Les élèves sont admis dans les écoles spécialisées ou professionnelles après avoir réussi les examens d’entrée, organisés après la 7e ou la 8e année, en langue et littérature bulgares, en mathématiques, en sciences humaines, etc. Aucune restriction fondée sur la race, la nationalité, le sexe, l’origine ethnique et sociale, la religion et le statut social n’est autorisée.
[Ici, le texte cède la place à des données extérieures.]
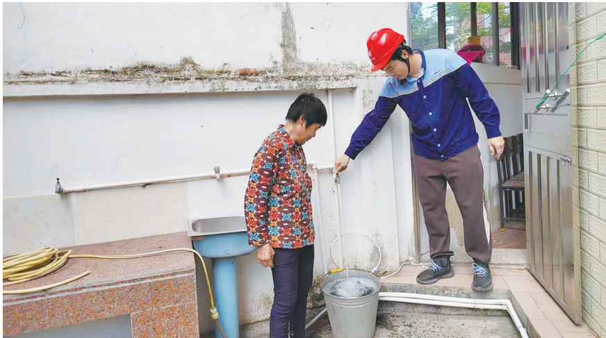
罗定粤海水务努力打通农村供水“最后一百米”,解决了部分偏远山区“饮水难”的问题。

La norme éducative nationale pour l’enseignement général définit un ensemble d’exigences relatives aux acquis d’apprentissage dans chaque matière de l’enseignement général à la fin de chaque cycle du niveau d’enseignement concerné et précise :

  • les objectifs, le contenu et les caractéristiques de l’enseignement général ;
  • les matières de l’enseignement général ;
  • les exigences relatives aux acquis d’apprentissage de chaque matière d’enseignement général pour l’acquisition de l’enseignement général.

L’enseignement général dans l’enseignement scolaire est le même pour tous les types d’établissements et s’acquiert par l’étude des mêmes matières d’enseignement général.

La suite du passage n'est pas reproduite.